Małżonkowie nie ukrywają, że obecnie przeżywają sprzeczne emocje - choć cieszą się, że mały Leonard jest już na świecie, to jednak jego wcześniactwo i widok chłopca podpiętego pod szpitalne sprzęty wywołały u nich strach i niepokój.
To jest absolutnie najgorsze uczucie dla matki - patrzeć jak Twoje dziecko jest podpięte rurami do różnych urządzeń, a Ty nie możesz nic zrobić ani mu pomóc. Wypłakałam ocean łez podczas pobytu w szpitalu. Każdy kolejny dzień był dla mnie ogromną lekcją cierpliwości i wytrwałości - napisała Sandra Kubicka na Instagramie.
Sandra Kubicka traumatycznie wspomina poród oraz czas po nim
Sandra Kubicka z zaangażowaniem opowiada swoim obserwatorom o nowej rzeczywistości, w której znalazła się od momentu, gdy jej syn przyszedł na świat. Nie należy ona jednak do najłatwiejszych. Na nagraniu, które niedawno zamieściła na InstaStories zdradziła, że poród był dla niej traumatycznym przeżyciem. Okazuje się, że tuż po nim wcale nie było lepiej.
Od momentu wyjścia ze szpitala do domu miałam pięć ataków paniki, bo nawet jak zobaczyłam samochód, to zaczynałam wyć, bo ostatni raz samochód widziałam, jak tam jechaliśmy i był zakrwawiony fotel. Później windę pamiętam, winda to samo.
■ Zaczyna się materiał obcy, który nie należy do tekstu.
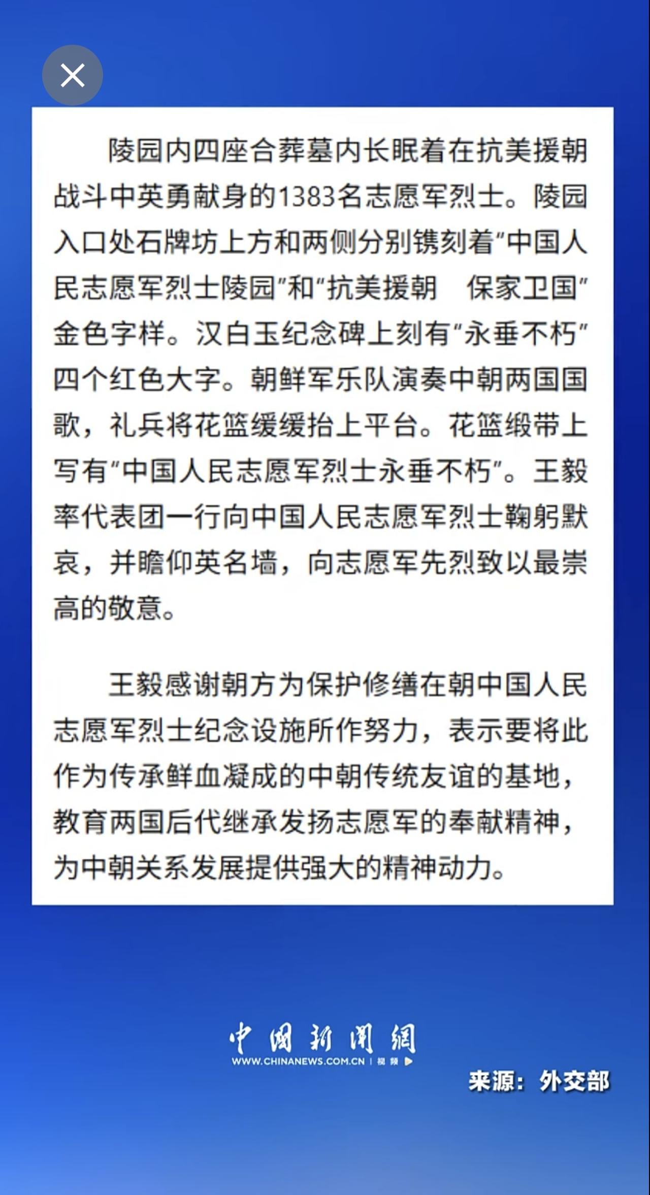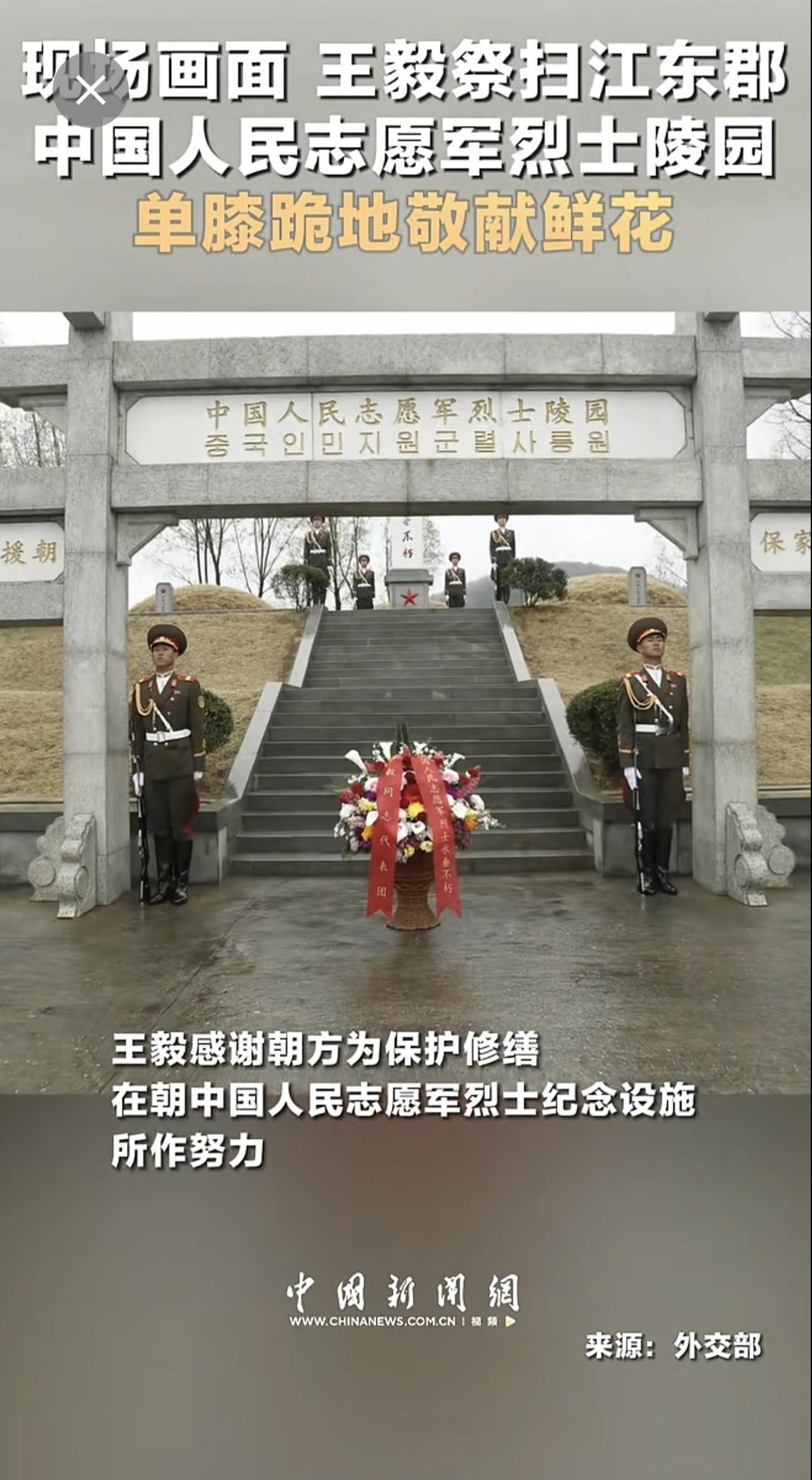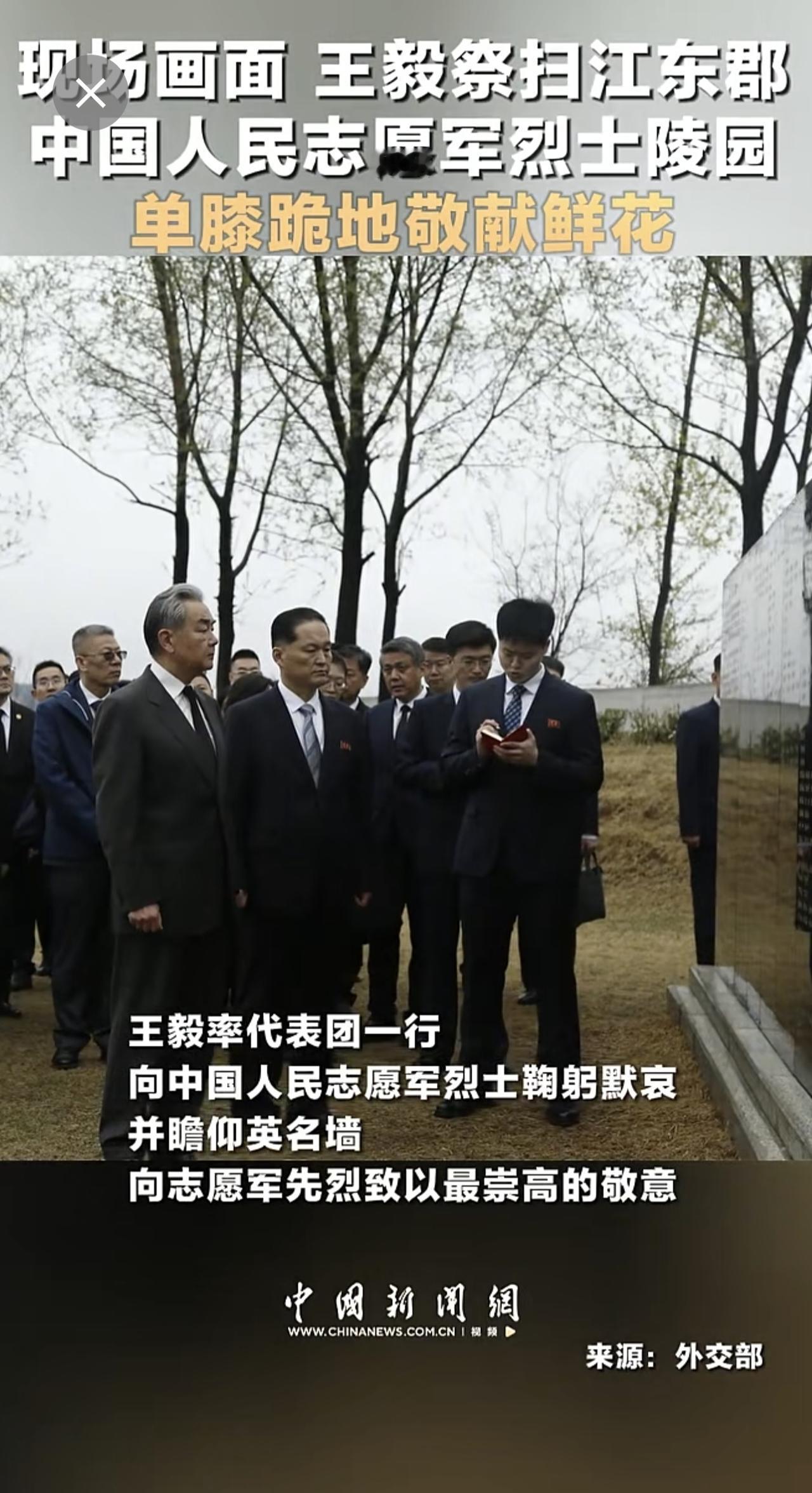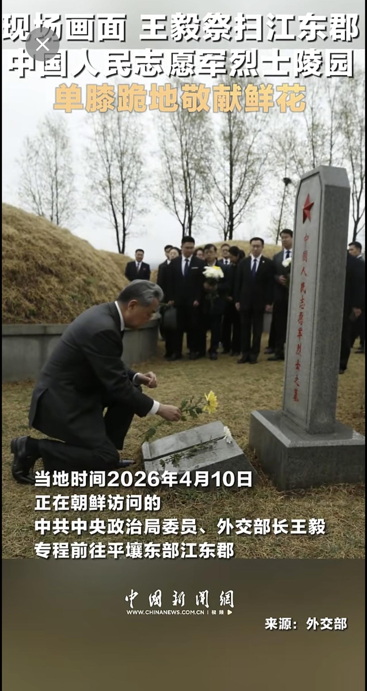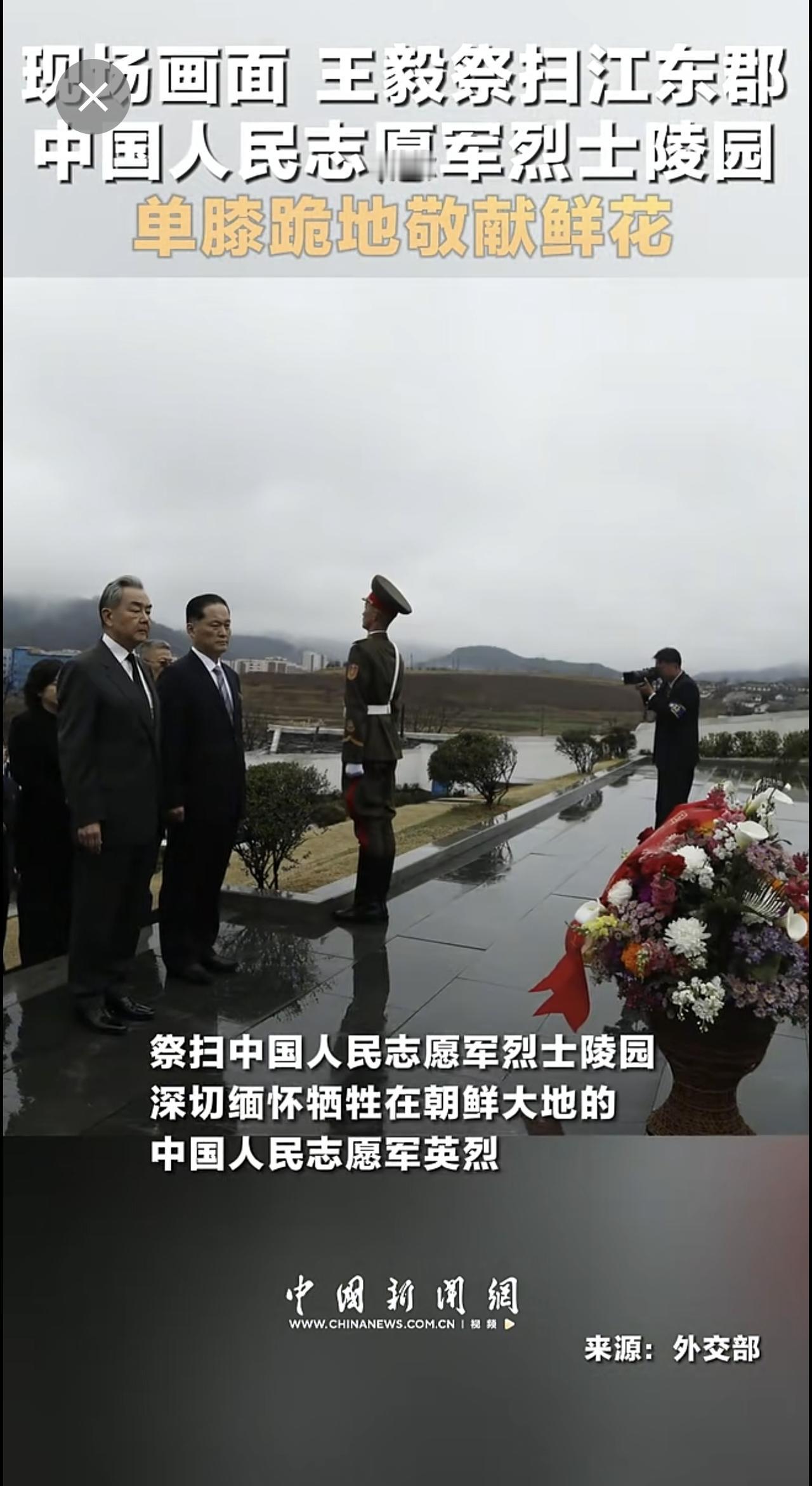 现场画面 王毅祭扫江东郡中国人民志愿军烈士陵园 单膝跪地敬献鲜花 (来源:中国新

Po prostu stałam i krzyczałam w tej windzie - powiedziała Sandra Kubicka.
ZOBACZ TAKŻE: Radykalne zmiany w "M jak Miłość". Tych gwiazd już w serialu nie zobaczymy
Sandra Kubicka zdradziła, jak Baron odnalazł się w nowej roli
Sandra Kubicka w swoich opowieściach o nowej sytuacji skupiła się nie tylko na sobie, ale wspomniała również o Baronie, który tak samo jak ona przeżywa to, co obecnie dzieje się w ich życiu. Modelka zamieściła na Instagramie obszerny wpis, który jest niemal w całości poświęcony muzykowi. Możemy się z niego dowiedzieć, że był on ogromnym wsparciem dla swojej żony i chociaż nie wiedział, co się z nią ani z ich dzieckiem dzieje, wykazał się ogromnym opanowaniem i spokojem.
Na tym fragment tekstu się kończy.